ENQUÊTE – Contraints de délaisser la route des Balkans, les trafiquants passent par les ports de la côte est-africaine tels que Mombasa. Le transit de l’héroïne vers l’Europe et les États-Unis y affecte des populations déjà fragiles, et entretient corruption et terrorisme.
L’homme se tient immobile, le corps sec, à demi couvert de vêtements rapiécés, une seringue vide plantée dans sa main droite. Il est 8 heures du matin dans le squat d’héroïnomanes de Bombululu, situé dans un quartier populaire de Mombasa, à près de 500 km au sud-est de Nairobi, la capitale kényane.

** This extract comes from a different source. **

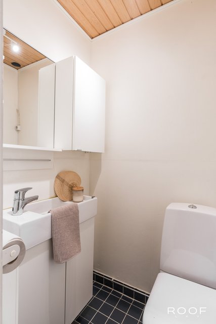 - Pesukoneliitäntä, lattialämmitys, pyykkikaapit, ja pesuallas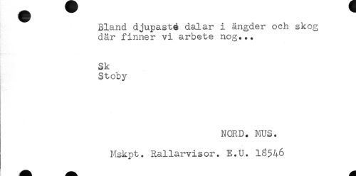 //// Bland djupasté dalar i ängder och skog //// där finner vi arbete nog... //// Sk //// Stoby //// NORD. MUS. //// Mskpt. Rallarvisor. E.U. 16546 ////

Quelques minutes plus tôt, dans ce terrain vague où picorent chèvres et poules, une trentaine d’habitués s’affairaient autour du dealer, roulant une cigarette ou préparant une dose à s’injecter. L’agitation est retombée au fur et à mesure que la drogue se diffusait dans les corps abîmés. « L’héroïne, c’est la fin de la route, dit Mbarack, 30 ans, en doudoune malgré la chaleur. Ta première injection, tu la sens depuis ton pied jusqu’à ton cerveau. Après, ça explose dans ton cœur et c’est à l’intérieur de toi pour toujours. » Le dealer reviendra cinq, six, sept fois dans la journée pour satisfaire leur demande insatiable.
L’héroïne a déferlé sur la région de Mombasa, deuxième ville du Kenya et premier port africain sur l’océan Indien, au début des années 2010. A quelques jets de pierres des plages paradisiaques et des hôtels « All inclusive » fréquentés par les touristes, les squats comme celui de Bombululu se sont multipliés. La drogue se consomme aussi à l’abri des regards, dans les maisons.
Cette poudre a harponné une population pauvre, confrontée au chômage massif et qui se sent exclue du boom économique de Nairobi, en particulier les jeunes, par ailleurs courtisés par les gangs et l’islam radical prôné par la milice des Chabab présente dans cette région musulmane frontalière de la Somalie.